NBN Co will soon provide financial relief for broadband-challenged households, businesses, and school children as well as upgrading general practitioners’ broadband services to 50/20Mbps for free, broadband minister Paul Fletcher announced as he reported being “very impressed” by the telecommunications industry’s collaborative efforts to keep Australia online during the COVID-19 pandemic.

“COVID-19 is a great test for our nation, and for the NBN,” Minister for Communications, Cyber Safety and the Arts Paul Fletcher said during a speech to the industry’s CommsDay Summit, almost 11 years to the day after the national broadband network (NBN) was first announced.

Daytime traffic levels had increased 70 to 80 per cent since 28 February, he said, driven by surging business-hours usage as millions of Australians transition to working-from-home and turn to bandwidth-hungry videoconferencing services for work meetings, recreation, and social contact.

Although measures like getting streaming-video providers to wind back their bandwidth consumption had reduced streaming-video traffic by 4 per cent, Australia’s previous broadband infrastructure – which was largely based around 2000-era ADSL services – would never have been able to cope with the surge, Fletcher said.

“Australia has been far better placed to respond to this dramatic and unexpected increase in the number of people working and studying from home because the NBN rollout is 96 per cent complete,” Fletcher said of the network rollout that former prime minister Malcolm Turnbull once labelled a “big mistake” and a “calamitous train wreck”.

“If we had been seeking to meet this challenge when relying mainly on earlier generations of broadband technology,” Fletcher said, “things would have been very, very different.... if COVID-19 had happened five years earlier, the NBN could have played at best a very modest role.”

Minister Paul Fletcher.
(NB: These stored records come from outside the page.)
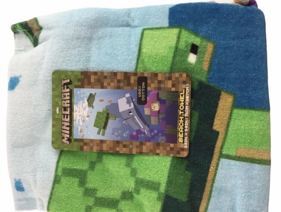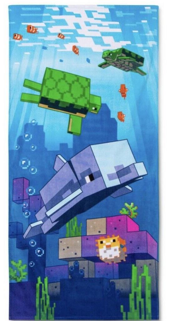 Swimming Around Beach Towel Blue - Minecraft 28”x58” 100% Cotton
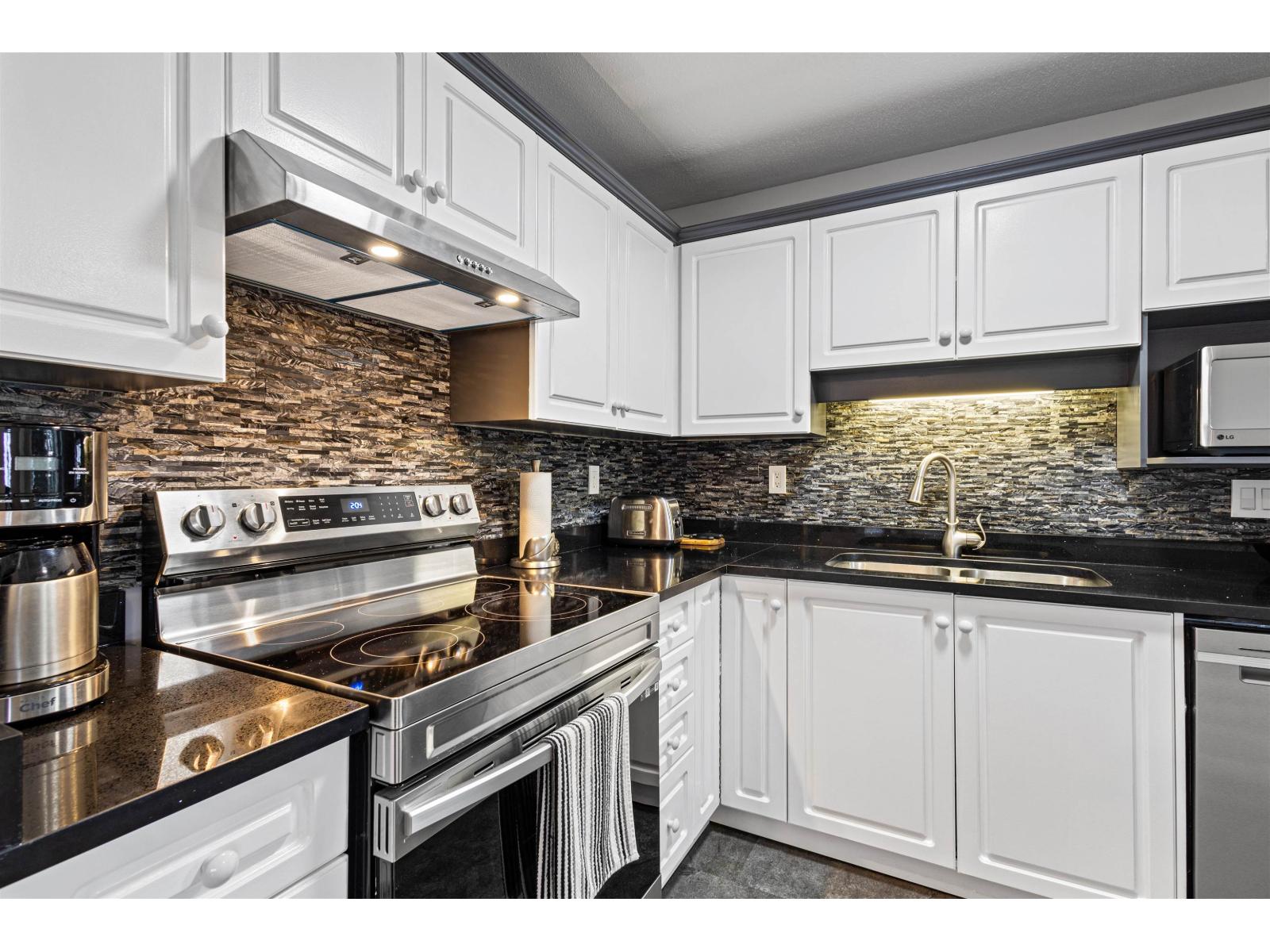 Welcome to this stunning 2-bedroom, 2-bath CORNER -UNIT offering over 1,000+ SQFT of modern luxury. Step into an open, airy space highlighted by 9 foot ceilings and an abundance of NATURAL LIGHT. Recently RENOVATED, this home features a sleek, contemporary kitchen with QUARTZ countertops, BRAND-NEW appliances. Both bedrooms and bathrooms have been meticulously upgraded with high-end finishes with CROWN MOULDING, ensuring comfort and style in every detail. Heating with Natural Gas is INCLUDED in strata fees. Located in a prime area next to CITY HALL, PUBLIC LIBRARY, TRANSIT, MRC REC CENTRE, ALL 3 LEVELS OF SCHOOLS. You'll enjoy convenience, charm, and a vibrant community at your doorstep. (id:63510)
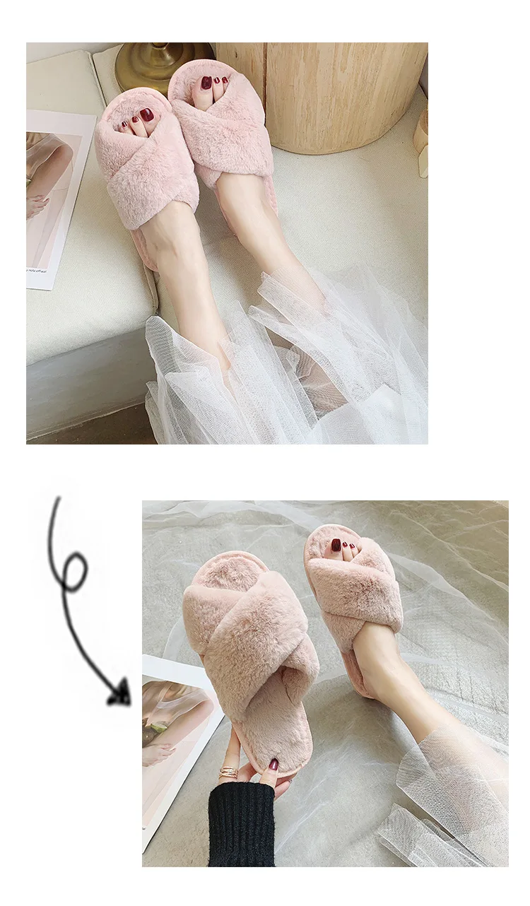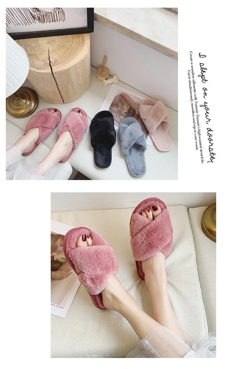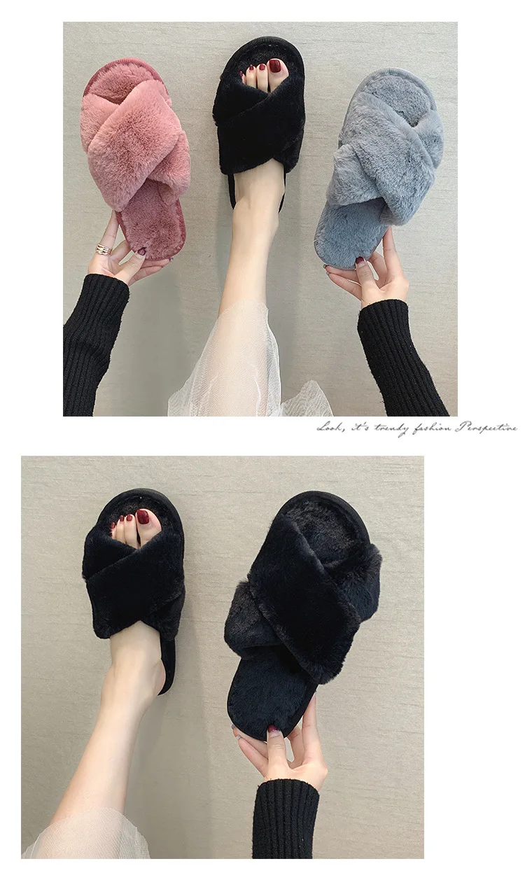 Сланцы женские зимние с искусственным мехом, теплые пушистые шлепан...
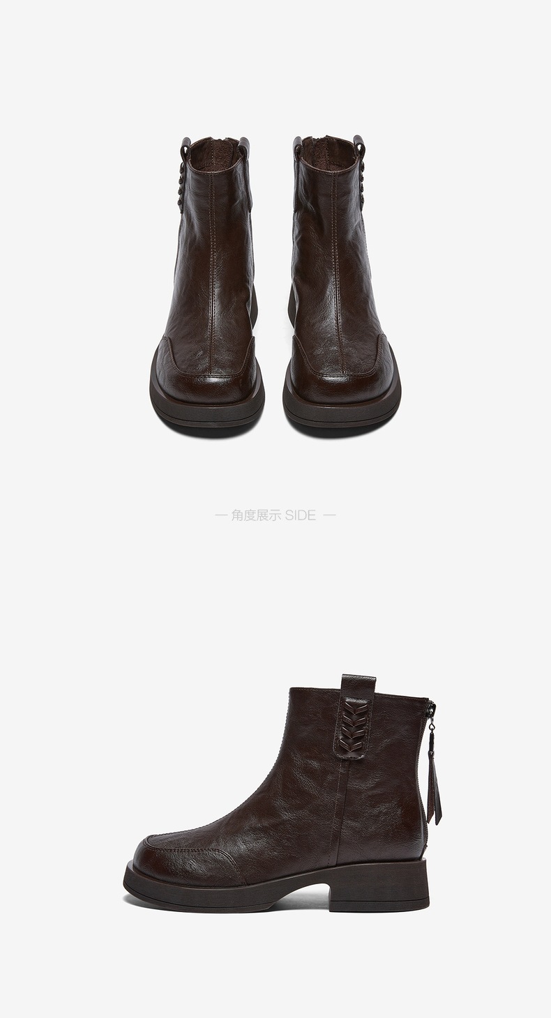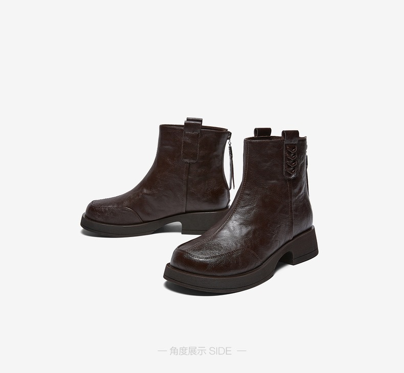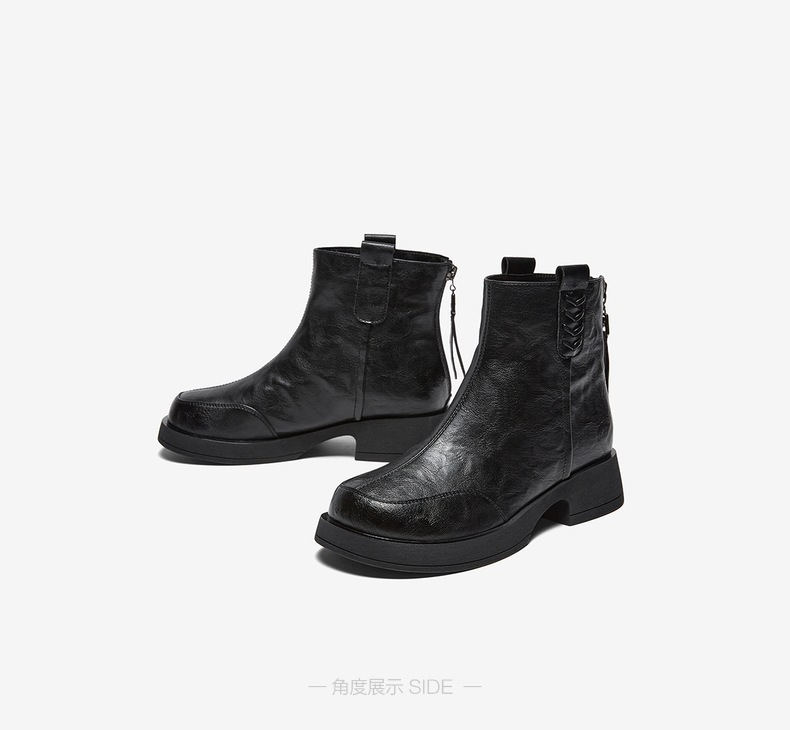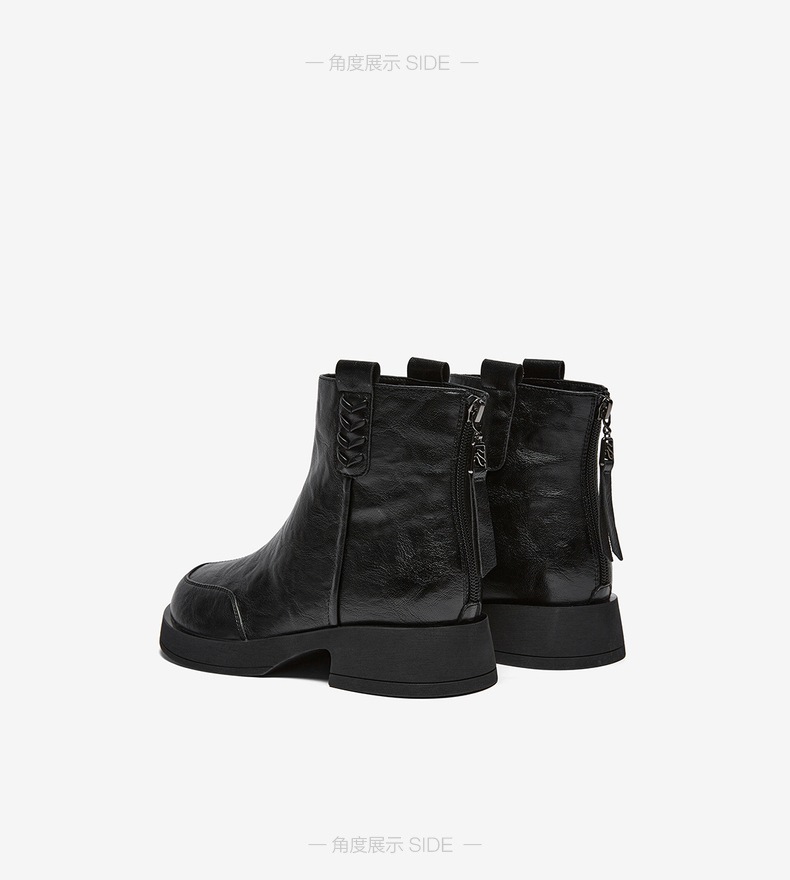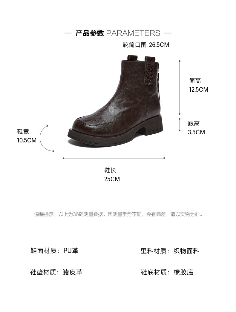 | 鞋底材质:橡胶底 | 靴筒内里材质:织物面料 | 内增高:无 | 鞋面材质:PU革 | 闭合方式:后拉链 |

Source: Supplied

Relief where it’s needed

Some 11.1m Australian homes and businesses are ready to connect to the NBN and 6.8m have already done so, Fletcher said, while noting that the last fortnight had seen over 80,000 new activation orders placed.

A further 20,000 NBN customers had requested to upgrade their services to a faster speed, he added – reflecting the trend towards higher-bandwidth services that has seen 80 per cent of new customers choosing 50Mbps or faster services.

That speed tier – double the 25Mbps that an “absolutely confident” Prime Minister Tony Abbott infamously said in 2013 “is going to be more than enough for the average household” – has become the baseline for modern life in an era of coronavirus isolation.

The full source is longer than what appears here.